In order to explore the features of a material and to provide better materials for technological applications, an understanding of the electron transfer behavior is very important for developing electronic devices.

Graphene oxide (GO) and reduced graphene oxide (rGO) have been widely studied in recent years because of their promising applications as energy storage devices,^1–4 transistors^5,6 sensors,^7–10 and solar cells^11–13 and for photocatalytical and photoelectrochemical processes.^14–19 They are also relevant in the field of nanomedicine, for the degradation of estrogens²⁰ and as a material for cellular imaging and drug delivery.²¹

The possible chemical exfoliation routes allow the large-scale production of GO, which is advantageous with respect to the usual graphene production methods.^22–25

The conduction mechanism of GO is strongly dependent on its oxidation level; therefore, it can be considered as an insulator with tunable properties, or as a semiconductor, particularly in the case of rGO.^5,26 Its structure contains hydroxyl and epoxide functional groups on the top and bottom of the sheet and carboxyl and carbonyl groups on the edges.^5,24,26 The electronic properties of rGO are usually associated with the variable-range hopping (VRH) mechanism. However, due to the complexity of the rGO structure, some deviations from the VRH mechanism are found.

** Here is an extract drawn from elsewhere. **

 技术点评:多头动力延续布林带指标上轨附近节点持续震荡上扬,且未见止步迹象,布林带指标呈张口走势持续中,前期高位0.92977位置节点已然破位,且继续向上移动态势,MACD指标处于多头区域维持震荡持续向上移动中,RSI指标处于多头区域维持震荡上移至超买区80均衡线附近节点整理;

Titanium dioxide (TiO₂) is a semiconductor that has been widely studied for several years due to its interesting electrical and optical properties,^2,10,27–29 such as high refractive index, high dielectric constant, and excellent transmittance in the visible range.^27–31 These properties make TiO₂ an important material for optoelectronic devices such as gas sensors^10,27,29,30 and solar cells.^27,30,31

In this study, TiO₂ was incorporated into GO during the chemical exfoliation of graphite, via a modified Hummer's method. Hybrid thin films were produced and the effect of TiO₂ incorporation on GO was evaluated. TiO₂ can promote an enhancement in the reduction of GO to rGO, thus improving its electrical conductivity.

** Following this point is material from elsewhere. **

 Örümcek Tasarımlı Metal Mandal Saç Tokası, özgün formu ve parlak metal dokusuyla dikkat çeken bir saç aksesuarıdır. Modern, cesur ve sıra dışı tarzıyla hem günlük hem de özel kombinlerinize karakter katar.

Recently, hybrid materials made of carbon-based materials, due to their inherent high thermal conductivity,^36–38 have been studied and developed for applications as electromagnetic wave absorbers.^32–35

Experimental

Synthesis of GO and GO + TiO₂

In order to evaluate the properties of GO, we added TiO₂ to the synthesis of GO via the modified Hummer's method.^39,40

In a beaker placed in a water bath at 5 °C, 1000 mg of graphite powder (Synth®) were mixed with 750 mg of sodium nitrate NaNO₃ (Aldrich) and 64 g of sulfuric acid H₂SO₄ (Vetec®). After 30 min of magnetic stirring, 4500 mg of potassium permanganate KMnO₄ (Aldrich®) were gradually added. The mixture was allowed to stir for 3 days, and then 100 mL of a 10% aqueous H₂SO₄ : H₂O solution were added and allowed to stir for 2 hours. Subsequently, 250 mL of a 10% aqueous solution of hydrogen peroxide H₂O₂ (Vetec®) were added and left to stir for 3 days to give a yellowish mass. The solution was filtered and the obtained product was dried in a vacuum oven for 24 h at 60 °C. The product was washed with 1 L of a 20% aqueous HCl solution (Vetec®), filtered, then washed with 1 L of deionized water and subsequently placed to dry in a vacuum oven for 24 hours at 60 °C. Finally graphene oxide (GO) was obtained as a powder.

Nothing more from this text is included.